__RECORDED INFORMATION__.
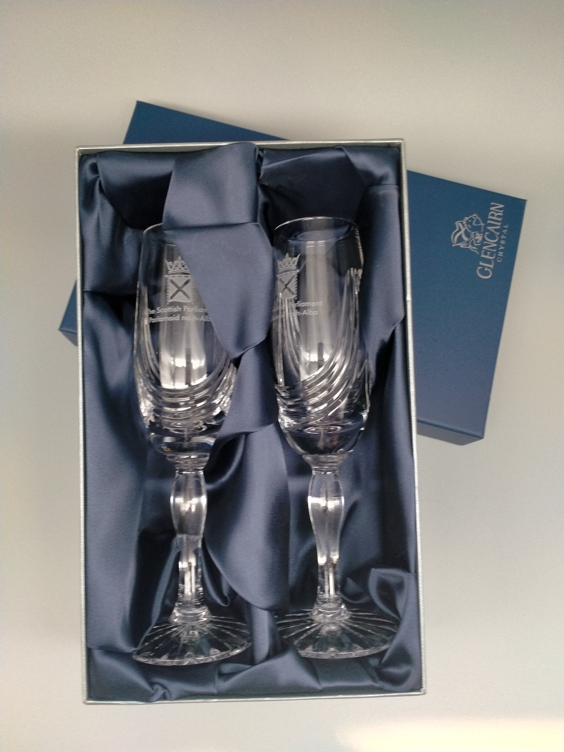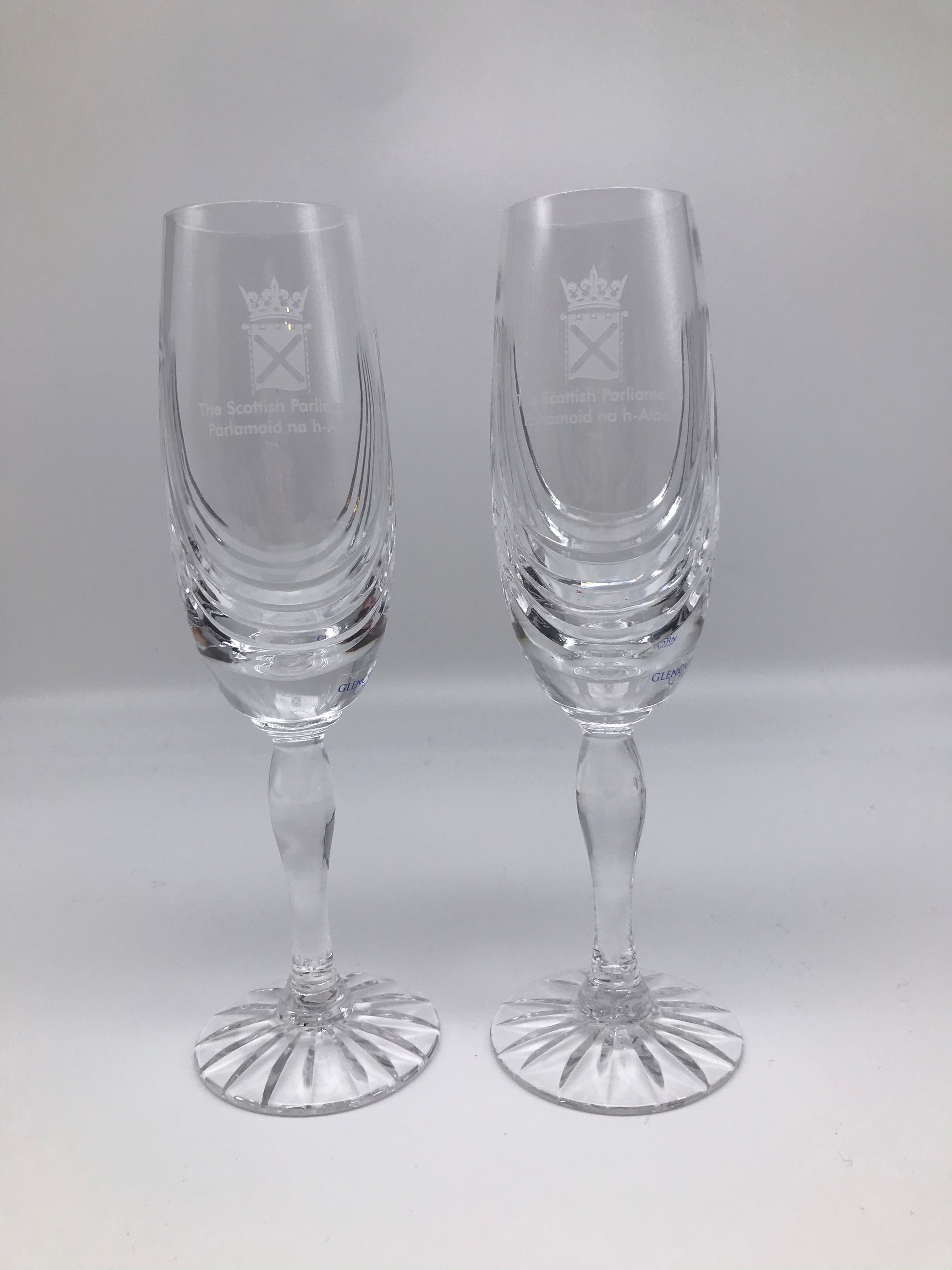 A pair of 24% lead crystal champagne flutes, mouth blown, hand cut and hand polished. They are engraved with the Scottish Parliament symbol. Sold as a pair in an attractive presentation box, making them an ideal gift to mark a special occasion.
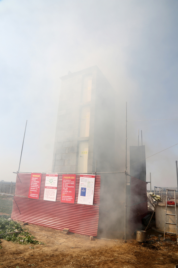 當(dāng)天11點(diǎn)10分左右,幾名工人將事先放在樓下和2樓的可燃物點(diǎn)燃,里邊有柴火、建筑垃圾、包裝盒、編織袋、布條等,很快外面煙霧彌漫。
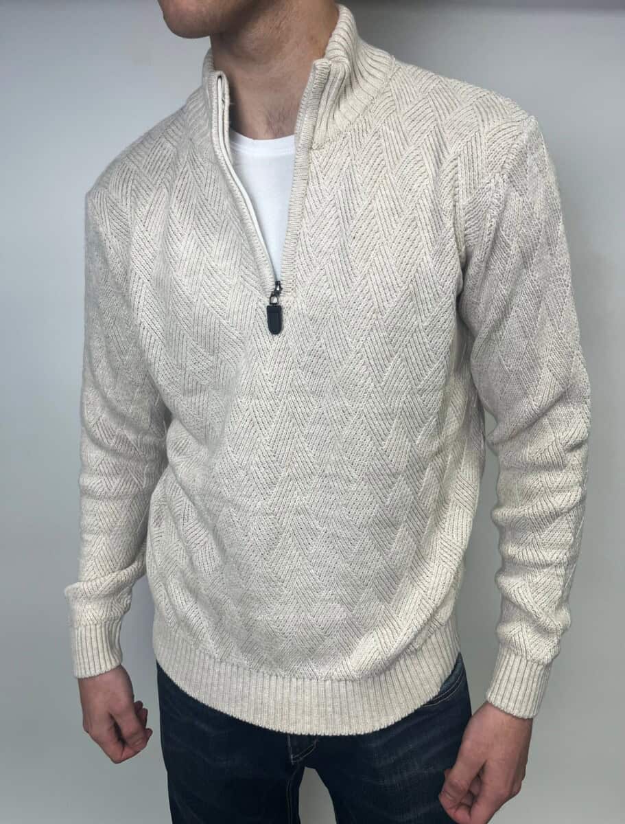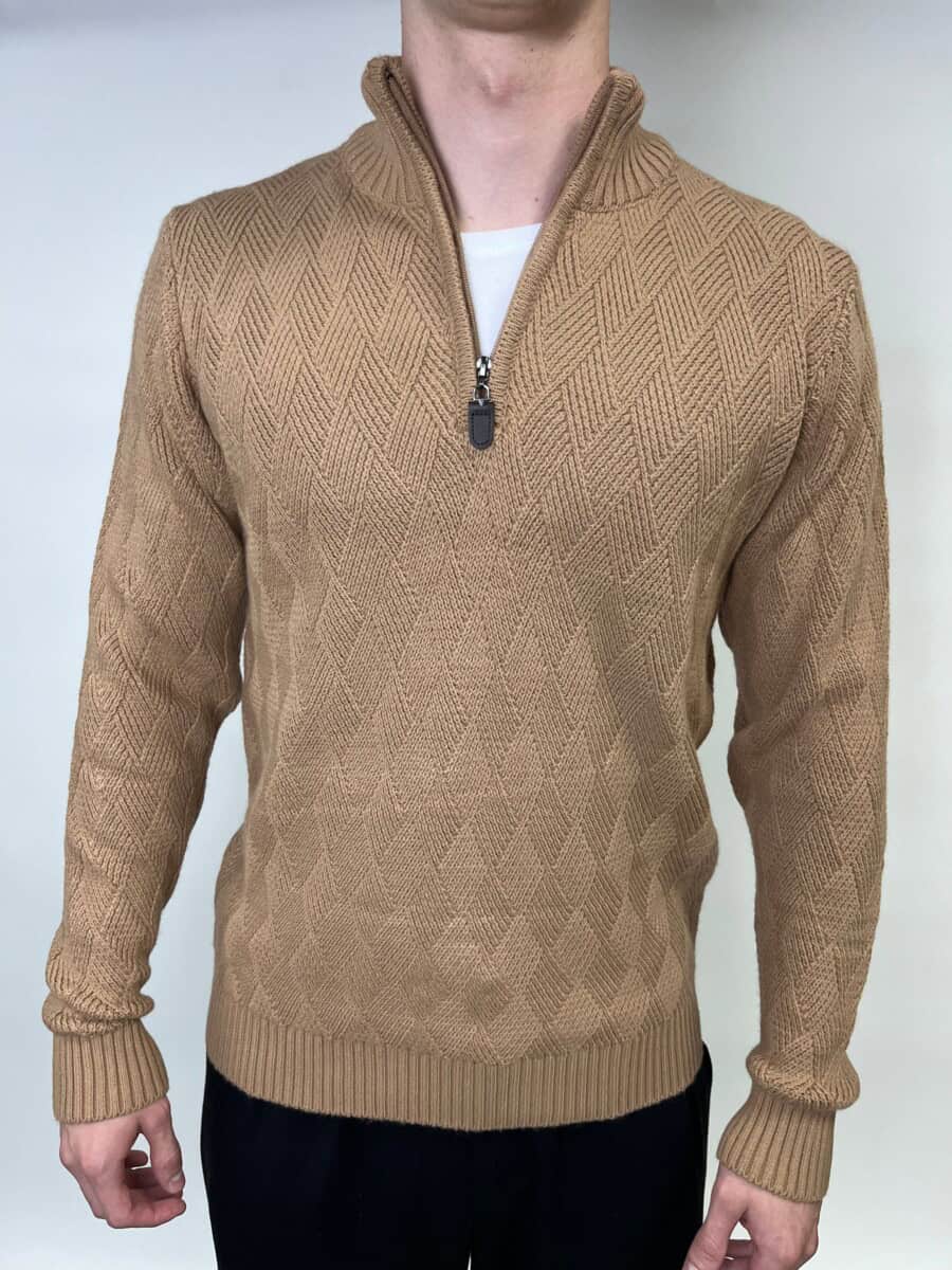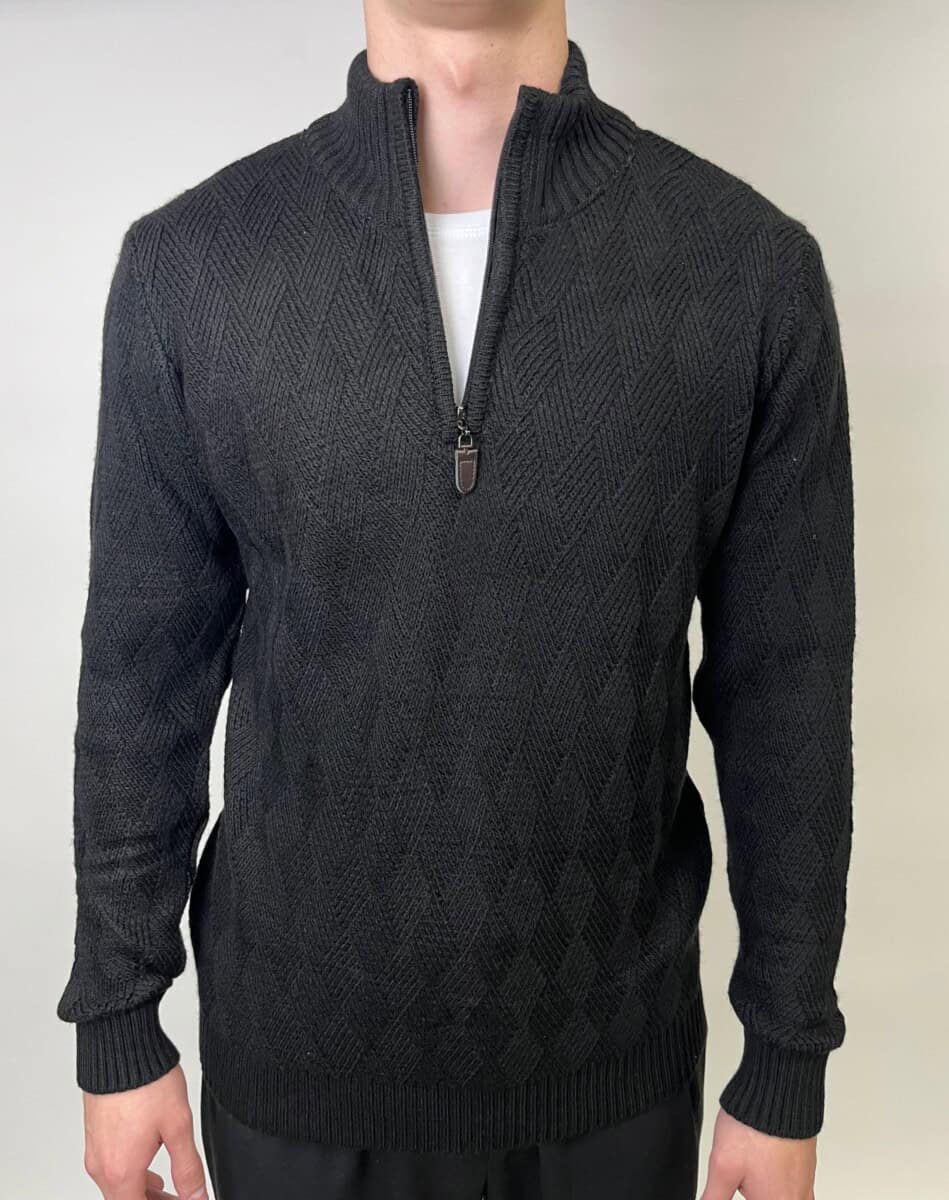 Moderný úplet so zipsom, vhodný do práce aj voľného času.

__YOUR ASSIGNMENT__. Copy out the data above exactly, except the pictures.

__FINISHED EXERCISE__.
 A pair of 24% lead crystal champagne flutes, mouth blown, hand cut and hand polished. They are engraved with the Scottish Parliament symbol. Sold as a pair in an attractive presentation box, making them an ideal gift to mark a special occasion.
 當(dāng)天11點(diǎn)10分左右,幾名工人將事先放在樓下和2樓的可燃物點(diǎn)燃,里邊有柴火、建筑垃圾、包裝盒、編織袋、布條等,很快外面煙霧彌漫。
 Moderný úplet so zipsom, vhodný do práce aj voľného času.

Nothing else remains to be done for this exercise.